Published in IEEE VIS, 2024

Synthetic Lethal (SL) relationships, although rare among the vast array of gene combinations, hold substantial promise for targeted cancer therapy. Despite advancements in AI model accuracy, there remains a persistent need among domain experts for interpretive paths and mechanism explorations that better harmonize with domain-specific knowledge, particularly due to the significant costs involved in experimentation.

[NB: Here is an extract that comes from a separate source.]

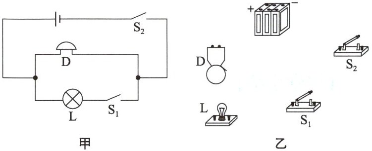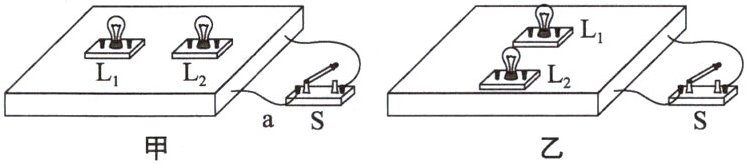 8. 物理课上,老师出示了如图甲、乙所示两个有盖的木盒,电路的部分连接情况隐藏在盒内。当老师闭合开关时,两只灯泡都亮了,断开开关,两只灯泡都熄灭。
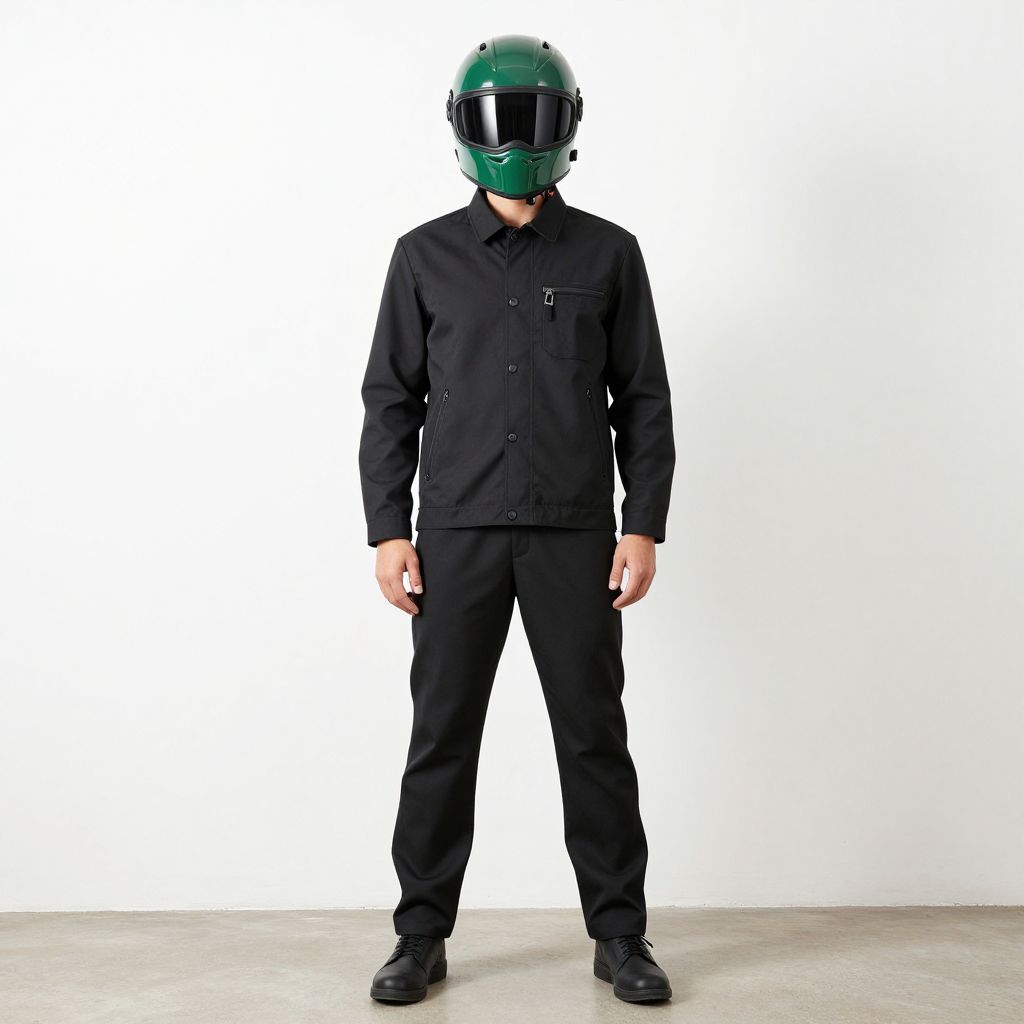 Photograph of a man standing against a plain white background. He is wearing a black, long-sleeve, button-up jacket with pockets on the chest and black pants. His head is covered by a green, matte-finished, full-face helmet with a dark-tinted visor, obscuring his face. He has black shoes with laces. The man stands with his arms relaxed at his sides, feet slightly apart, and gazes directly at the camera. The floor is a smooth, light gray concrete. The image has a clean, minimalist style with high contrast and sharp focus.

To address this gap, we propose an iterative Human-AI collaborative framework comprising two key components: 1)Human-Engaged Knowledge Graph Refinement based on Metapath Strategies, which leverages insights from interpretive paths and domain expertise to refine the knowledge graph through metapath strategies with appropriate granularity. 2)Cross-Granularity SL Interpretation Enhancement and Mechanism Analysis, which aids domain experts in organizing and comparing prediction results and interpretive paths across different granularities, thereby uncovering new SL relationships, enhancing result interpretation, and elucidating potential mechanisms inferred by Graph Neural Network (GNN) models. These components cyclically optimize model predictions and mechanism explorations, thereby enhancing expert involvement and intervention to build trust. This framework, facilitated by SLInterpreter, ensures that newly generated interpretive paths increasingly align with domain knowledge and adhere more closely to real-world biological principles through iterative Human-AI collaboration. Subsequently, we evaluate the efficacy of the framework through a case study and expert interviews.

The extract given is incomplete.